People whose TV broke down this weekend and those who had no internet, had plenty to amuse themselves with.

Granger painstakingly handles all the hoops Brison had to jump through before he got the green light for his appointment from Minister Ingrid Arrindell and her puppet master Silvio Matser. What Granger does not say is that Arrindell later claimed that Brison had not been appointed – yet. That is the job for the STA’s supervisory board. That board does not want Brison, so there is an obvious problem.

We’re pleased to learn from Granger’s letter that Brison passed the drug and alcohol tests, that he is physically in good health and that he has a clean police record.

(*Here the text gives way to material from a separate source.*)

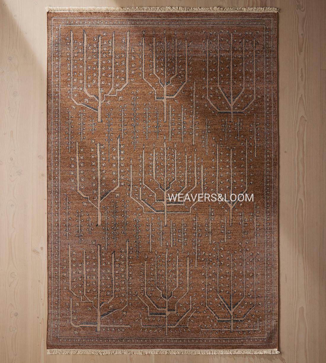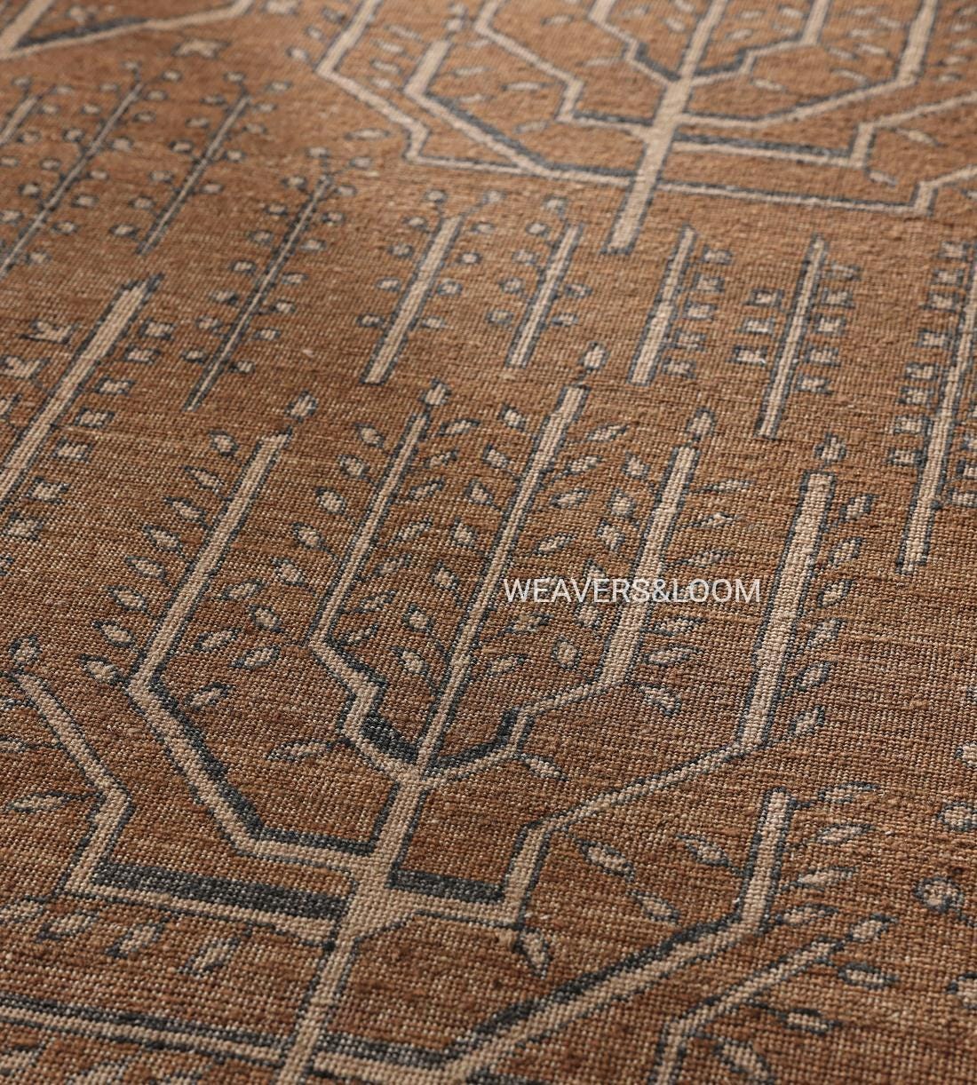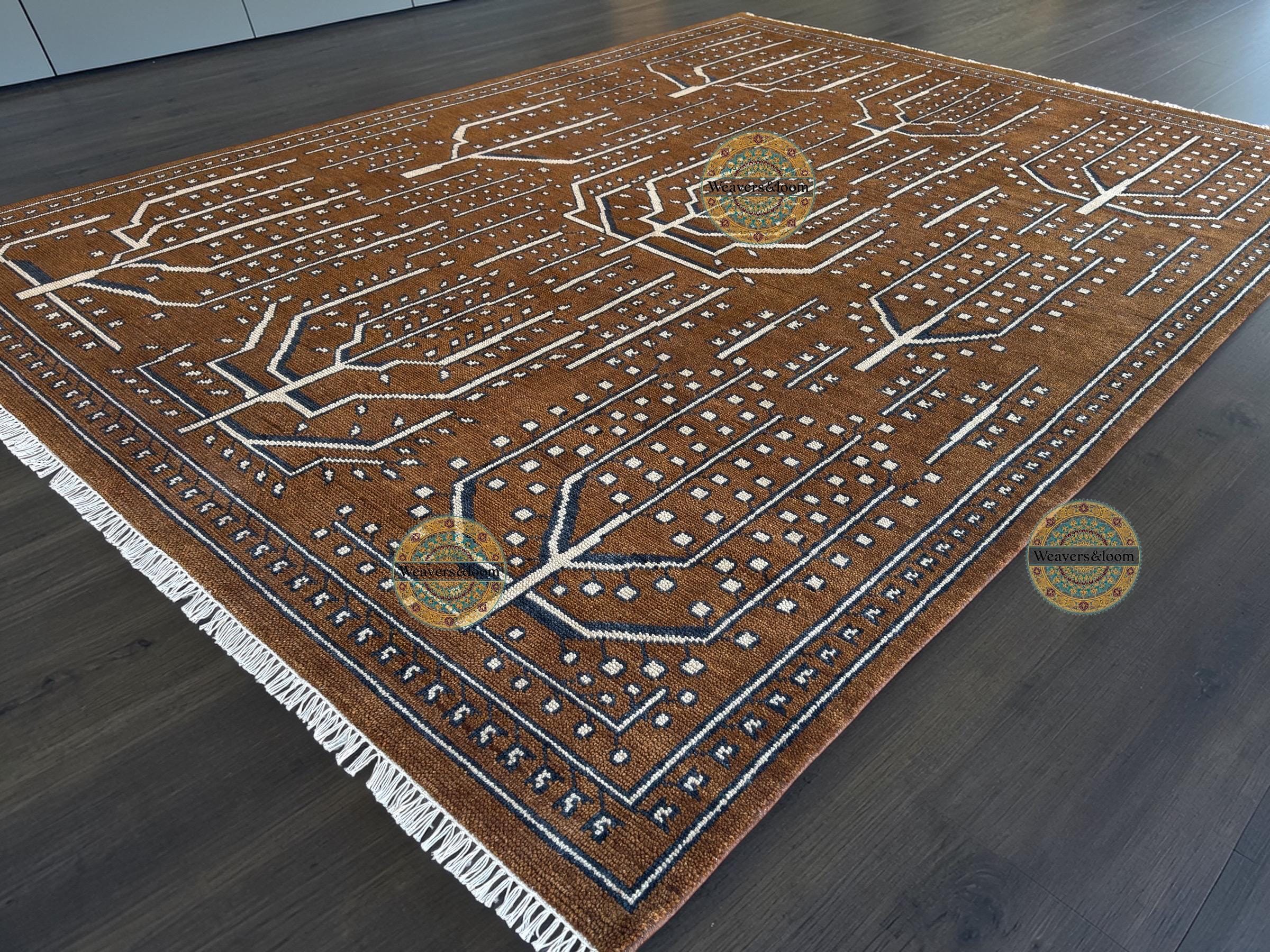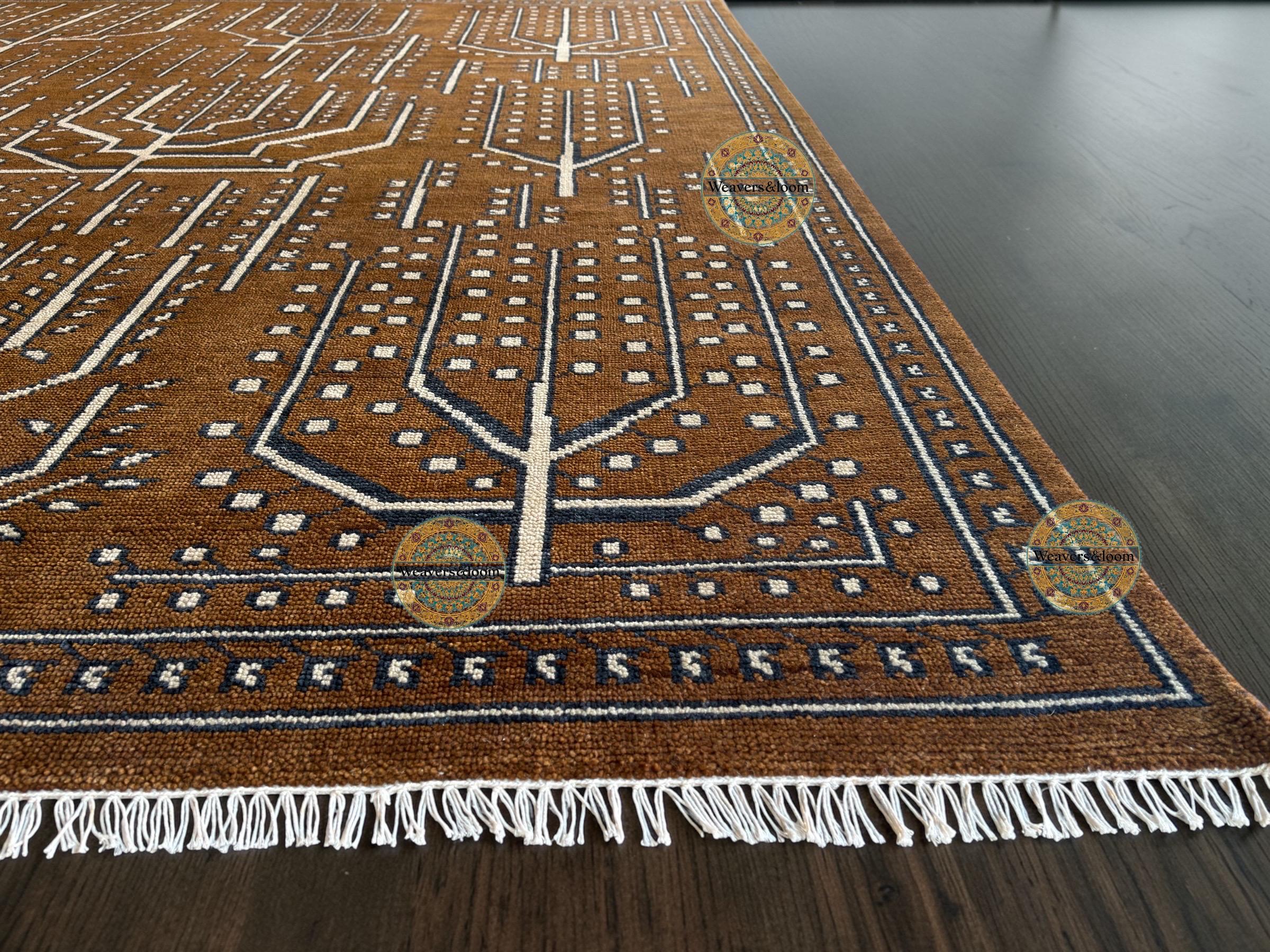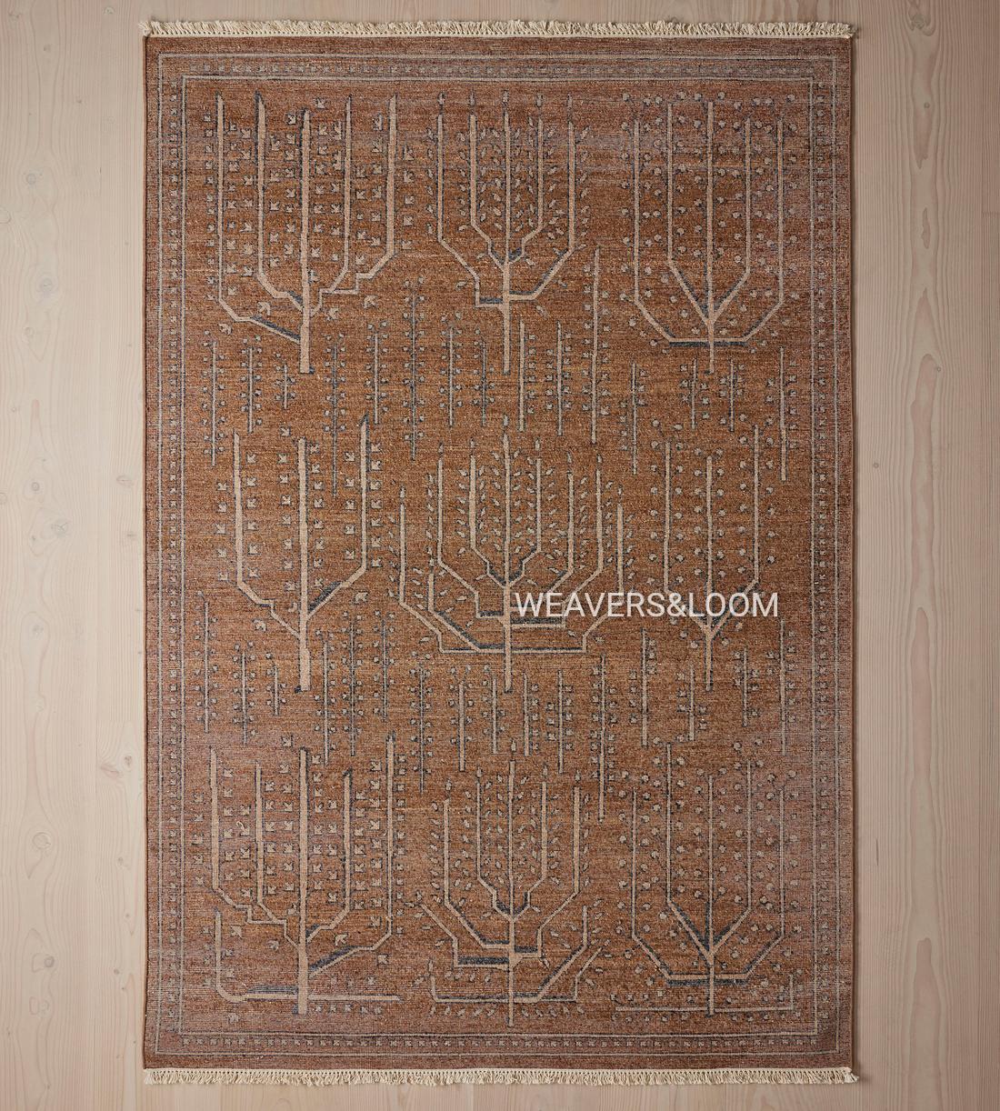 Handwoven Brown Vintage Rug with Tree of Life Design – Bohemian Wool Area Carpet
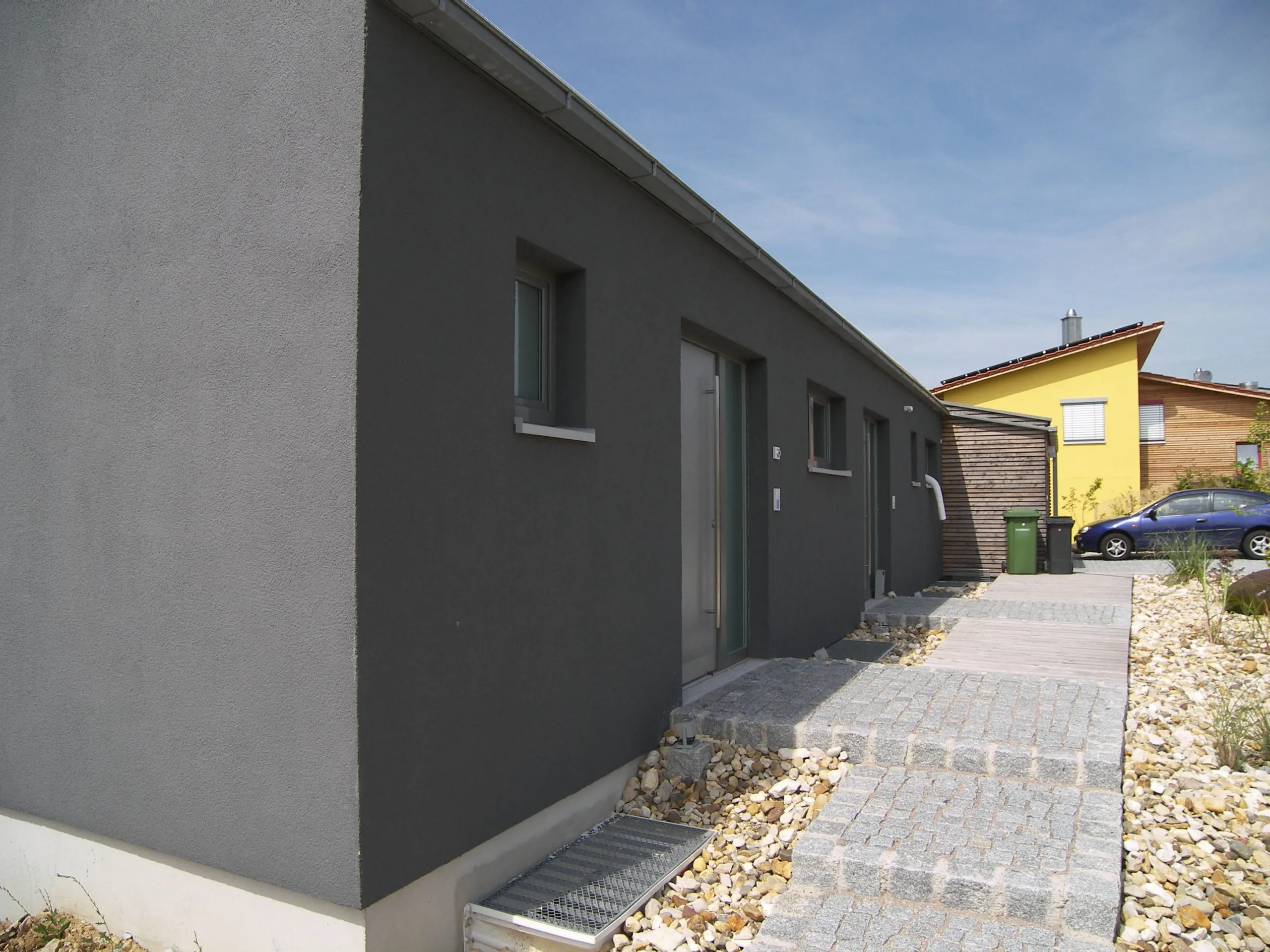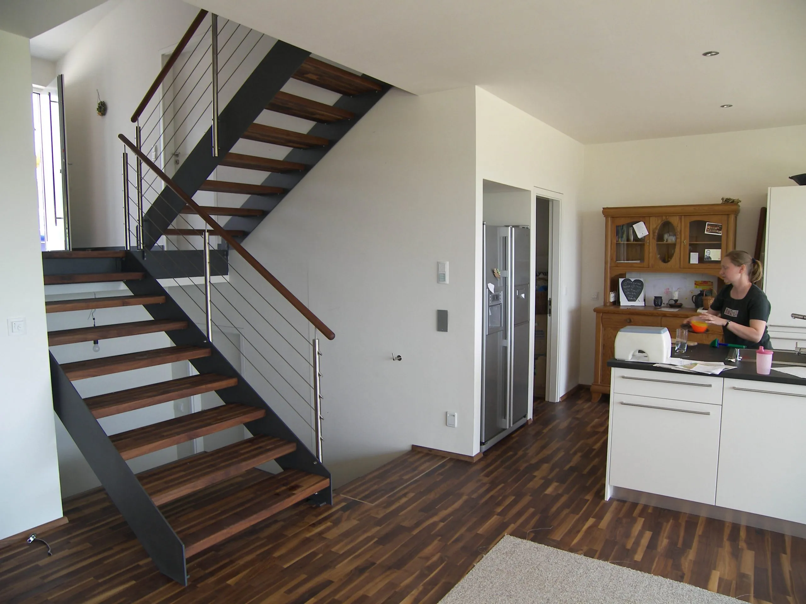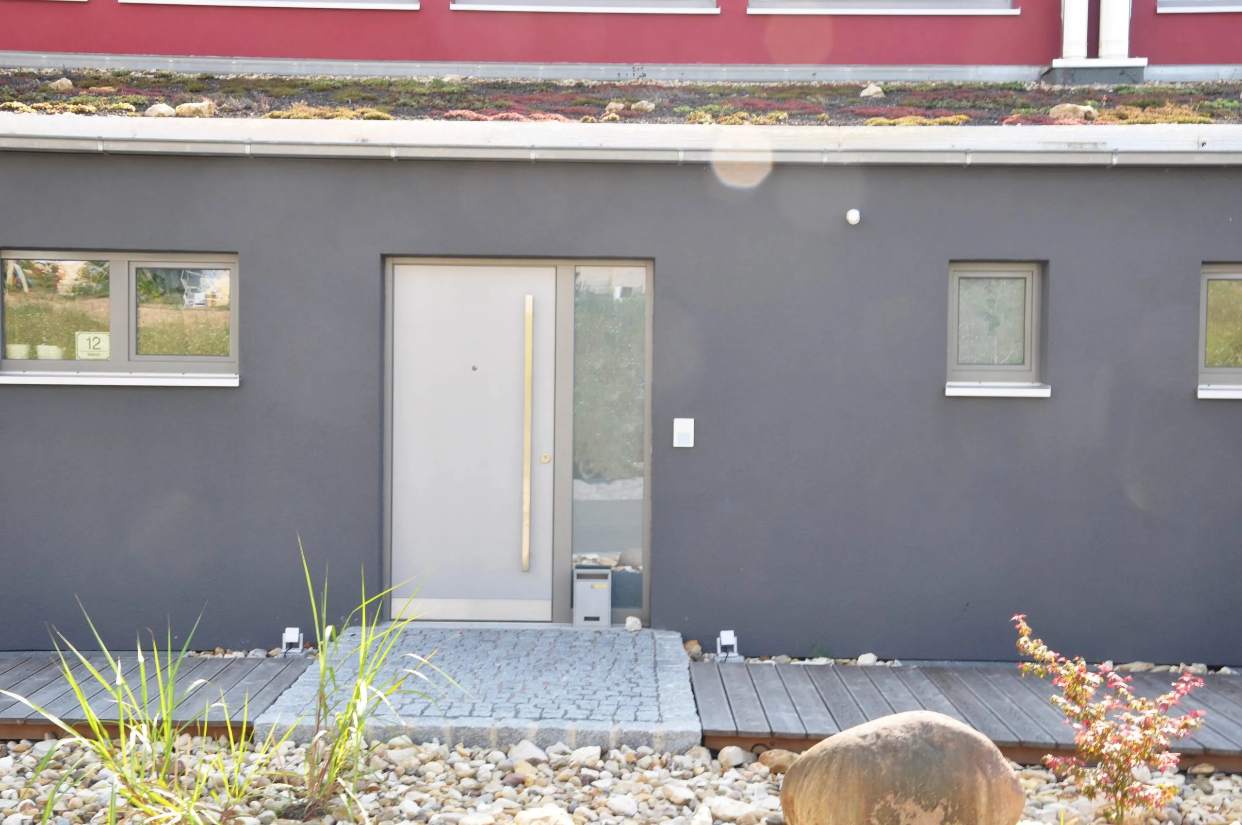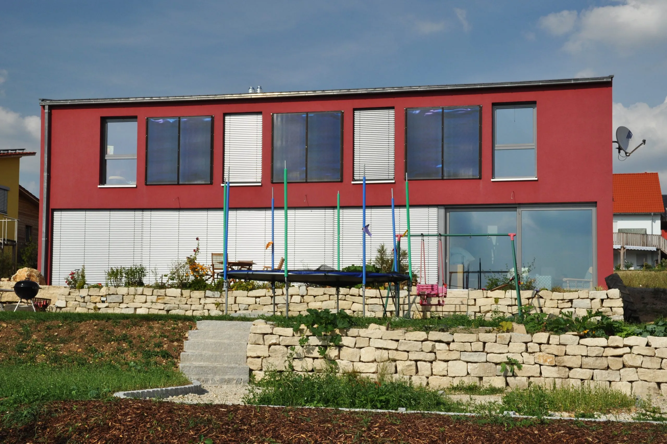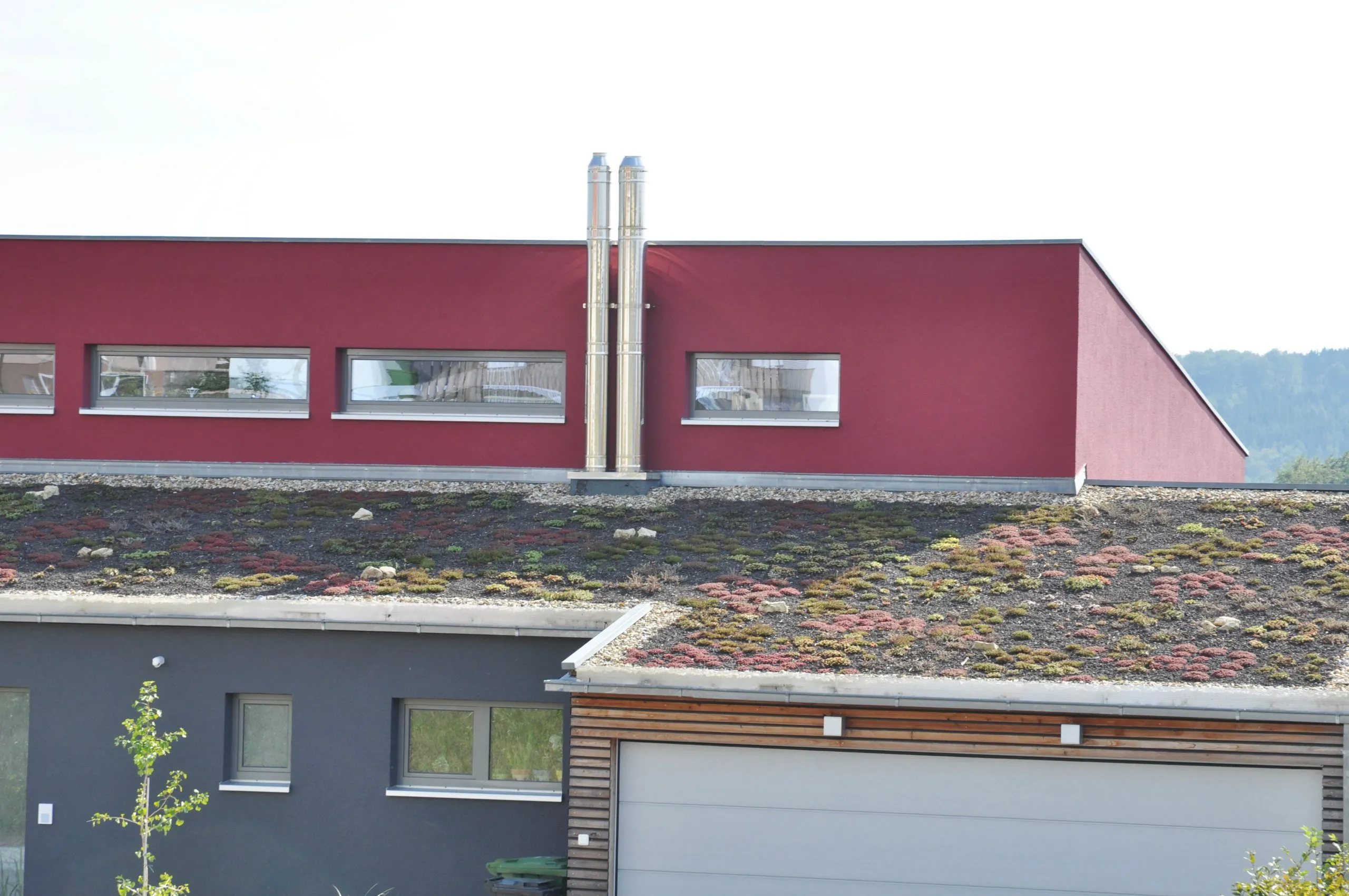 Versetztes Pultdach, Pelletsheizung mit Solarkollektoren an Fassade, Holzmassivboden in Nußbaum, zusätzlicher Kachelofen, Schiebetüre mit 6 Metern Breite

The prosecutor’s office, Granger writes, made it clear that there are no pending investigations against Brison. In other words – the man is clean as a whistle. But is he, really?

“So much for allegations of theft, huh?” Granger writes.

Does the name Winair ring a bell? Ah, Granger mentions it, very clever almost as an aside, saying that allegations of the misappropriation of funds came “out of a dark and devious corner.”

Without mentioning Mike Ferrier’s name, Granger describes the messenger of this bad news as “an avenging champion riding a holier-than-thou high horse basically calling Mr. Brison a thief.”

That’s really funny because, based on the information we have, Brison actually admitted to Winair that he stole money. A bit more than $41,000 if we remember correctly. And what do you call someone who takes something that does not belong to him? Exactly.

Now we come to the clean police record. How is that possible? This is because Winair agreed with Brison not to file a complaint for embezzlement if: a. he took a hike and b. he paid back the money.

Brison took a hike but as far as we know – and we’ll stand immediately corrected if someone proves us wrong – he never paid back a penny. Having your friends write whining letters to the editor won’t eradicate that history.

And this is the best candidate we have for leading the St. Maarten Tourist Authority?

Come on people. We seriously wish Brison all the best, but preferably in a function where he does not get to handle a lot of money.

Unless, yes unless Brison shows he is a man and makes amends, How? By voluntarily offering a part of his salary to his former employer until the company is satisfied with the reimbursement.